The 10 Laws of Career Reinvention by Pamela Mitchell

The 10 Laws of Career Reinvention by Pamela Mitchell

Author:Pamela Mitchell
Language: eng
Format: epub, pdf
Publisher: Penguin USA, Inc.


What if you have access to none of the Big Three?

The “Plan B” Job

An additional source of funding kicks in after you have exhausted the possibilities of keeping your job, leaning on your partner, or si-phoning off your savings. This fail-safe option is to take a temporary job—the less demanding, the better. This is your Plan B gig, just in case the money runs out sooner than expected. It can happen if you miscalculate how much to set aside or if your reinvention time frame takes longer than anticipated.

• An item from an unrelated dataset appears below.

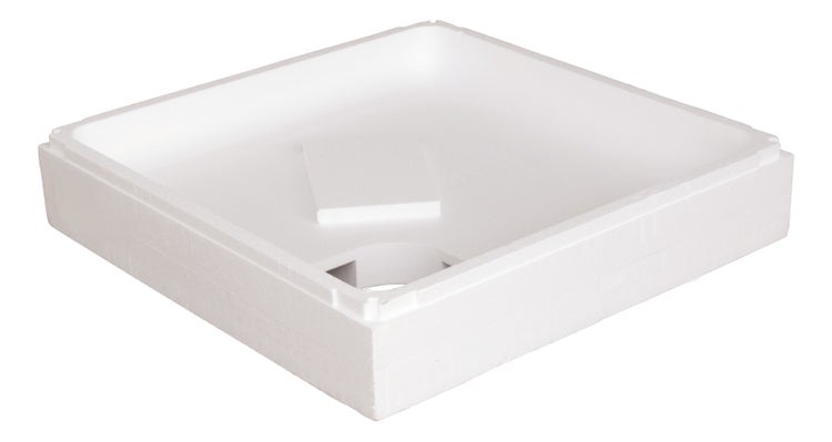 Setzen Sie beim Einbau der Duschwanne auf eine schnelle und kostengünstige Montage! Der Duschwannenträger Modern Soft von Calmwaters trägt die Duschtasse sicher, zudem lässt er sich direkt verfliesen. So sparen Sie sich einiges an Arbeit! Der Träger besteht aus Styropor, dieser Werkstoff ermöglicht eine zusätzliche Wärme- und Schallisolierung. So efreuen Sie sich beim Duschen über einen angenehmen Stand auf der Brausewanne, zudem fallen die Wassergeräusche gering aus. Aufgrund der Maße und der quadratischen Form eignet er sich für eine 6,5 cm hohe Quadrat-Brausetasse. Die Verwendung mit der Viertelkreis-Duschwanne Amrum von Calmwaters (01SL2962) wird empfohlen.

Did I say “if ”? I meant “when.”

Most people underestimate the amount of time involved in a reinvention. However long you think it will take, I recommend doubling that—at least from a funding perspective. Career reinvention requires an investment of six months to a year, minimum, of effort. Two years is fairly normal as well. Having a Plan B strategy in place will give you peace of mind and may even help you get where you’re going faster—you never know who you’re going to meet along the way.

I cannot tell you how many times I have seen people balk at the idea of taking another, lesser job, temporarily, to ease them through a cash crunch. From the way they carry on, you’d think I was talking about breaking rocks in the Gulag with a pickax. There was a woman who came to me and said, “I want to reinvent myself but I’m running out of money. I don’t want to get a job in the meantime because it will block my reinvention. What do you think I should do?”

I told her to go out and get a job.

I knew that unless she got her cash flow going to meet her basic needs, she would be hard-pressed to make any progress on the reinvention front. The mental energy she needed to brainstorm ideas would be sapped by worrying about the rent. When my 401(k) money ran out after I left my Wall Street job, I moved on to Plan B and took an office-temp job. It was a painful, demoralizing experience. I was doing menial work even the assistants wouldn’t touch. One day I found myself standing at the photocopier, reduced to tears—here I was, a former director on Wall Street, and my biggest task was making copies!

During my three months as an office temp, a friend of a friend offered me a job. I turned it down because it would not have taken me closer to the entertainment field, my goal. “Fine,” said the woman. “When you give up your dream, you can come back and work for me.”

Give up my dream? Never. I would rather stand at a copier fixing a paper jam.

Your Plan B job is temporary. It’s strategic. Maybe I was collating and stapling, but I still had all the talent and skills and wherewithal that had gotten me that far. I was still me, even without the big title.

Two months after that woman told me to give up my dream, I started my wonderful new life in the entertainment field.